**YOUR OBJECTIVE:**
Nothing but the lines below from the one with "No vzápětí se" through the one with "6.可以建立許可提示,已經(jīng)列" should be output, each exactly as given, and no pictures.

**INPUT DATA:**
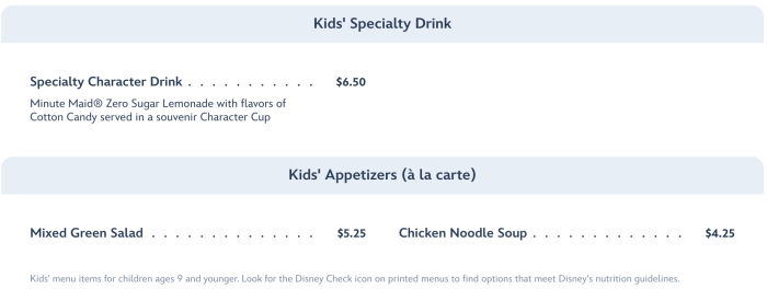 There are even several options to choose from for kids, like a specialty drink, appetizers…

* * *

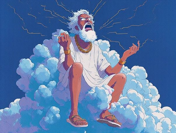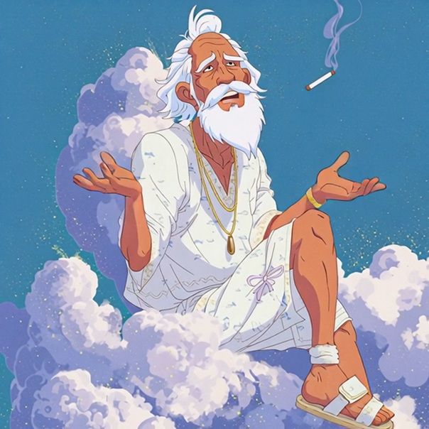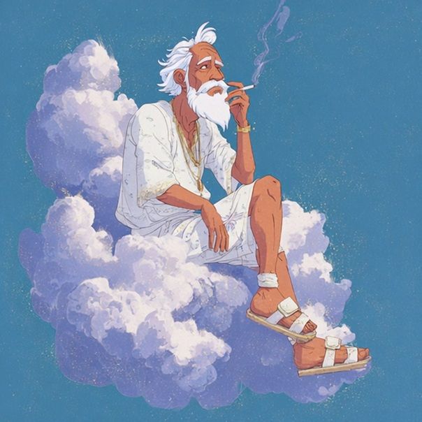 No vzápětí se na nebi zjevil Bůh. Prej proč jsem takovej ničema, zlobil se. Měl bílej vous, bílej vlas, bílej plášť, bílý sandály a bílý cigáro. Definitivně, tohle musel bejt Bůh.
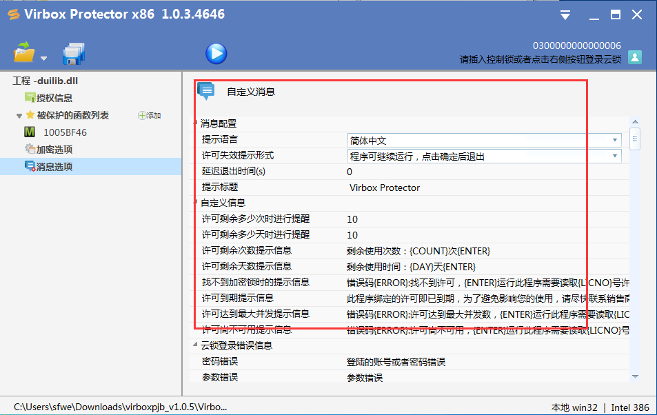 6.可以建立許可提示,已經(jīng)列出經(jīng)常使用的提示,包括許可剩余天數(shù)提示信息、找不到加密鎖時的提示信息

--

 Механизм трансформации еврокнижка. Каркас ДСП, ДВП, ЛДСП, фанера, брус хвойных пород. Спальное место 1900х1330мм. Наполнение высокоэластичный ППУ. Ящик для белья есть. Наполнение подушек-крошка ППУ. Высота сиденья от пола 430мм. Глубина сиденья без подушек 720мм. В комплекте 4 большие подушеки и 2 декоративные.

**EXERCISE OUTPUT:**
 No vzápětí se na nebi zjevil Bůh. Prej proč jsem takovej ničema, zlobil se. Měl bílej vous, bílej vlas, bílej plášť, bílý sandály a bílý cigáro. Definitivně, tohle musel bejt Bůh.
 6.可以建立許可提示,已經(jīng)列出經(jīng)常使用的提示,包括許可剩余天數(shù)提示信息、找不到加密鎖時的提示信息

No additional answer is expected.